Loading chunk 0-2196/2196
Loading chunk 0-442/442
质控前细胞数: 2638

=== 质控前质控指标分布 ===

质控后细胞数: 2631
过滤掉的细胞数: 7

=== 质控后质控指标分布 ===

RNA and Methylation Data Barcode Association, Intersection, and Doublet Filtering

This section first associates RNA and methylation Barcodes based on kit type, then identifies common cells (barcode intersection) in both datasets, and finally removes doublet cells based on the doublet table.

Steps:

Barcode Association: Associate Barcodes of RNA and methylation data according to kit type (DD-MET3/DD-MET5).
Barcode Intersection: Calculate barcode intersection of RNA and methylation data to ensure cell consistency between the two datasets.
Doublet Filtering: Read doublet tables for each sample and remove doublet cells from RNA and methylation data.

Associate RNA and methylation Barcodes based on kit type to establish cell correspondence between the two datasets.

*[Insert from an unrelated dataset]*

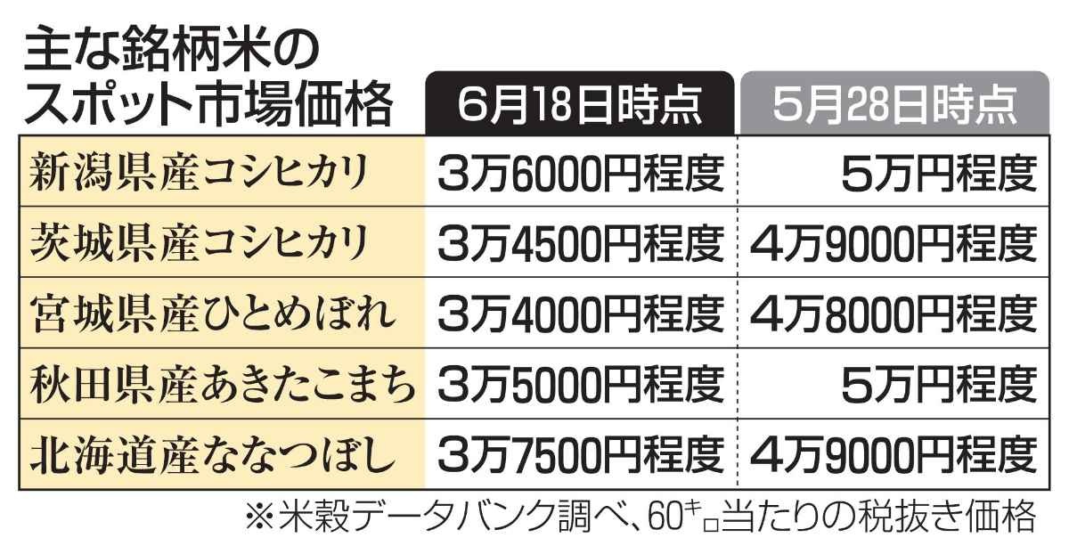 新潟コシヒカリ価格急落、3割安 備蓄米効果か、業者間取引で(共同通信) - Yahoo!ニュース卸売業者が銘柄米を日々取引しているスポット市場で、新潟県産コシヒカリなどの価格が直近のピークだった5月下旬から約3割下落したことが18日、コメ市場を調査している米穀データバンクの調べで分かった。備news.yahoo.co.jp - 4 : 2025/06/19(木) 08:04:46.128 ID:KHVOCyzOg

DD-MET3: RNA and methylation data use different Barcodes and need to be associated via a mapping file. Please download the Barcode mapping file DD-M_bUCB3_whitelist.csv locally first. Then read the Barcode mapping file (DD-M_bUCB3_whitelist.csv) to establish correspondence between RNA Barcodes (gex_cb) and Methylation Barcodes (m_cb), and create rna_meta mapping table for subsequent use.
DD-MET5: RNA and methylation data use the same Barcode, no mapping is needed; skip this step directly.

TIP

The mapping relationship established in this step (rna_meta) will be used for subsequent doublet filtering and cell type annotation transfer.

python

# --- RNA and Methylation Data Association (Supports sample-specific config: some DD-MET3 need mapping, some DD-MET5 do not) ---

print("=== 数据状态检查 ===")
print(f"RNA 数据细胞数: {len(adata_rna.obs)}")
print(f"甲基化数据细胞数: {len(adata_met.obs)}")
if len(adata_rna.obs) == 0:
    raise ValueError("RNA 数据为空，无法建立映射关系。请检查前面的数据加载和质控步骤。")
if len(adata_met.obs) == 0:
    raise ValueError("甲基化数据为空，无法建立映射关系。请检查前面的质控过滤步骤。")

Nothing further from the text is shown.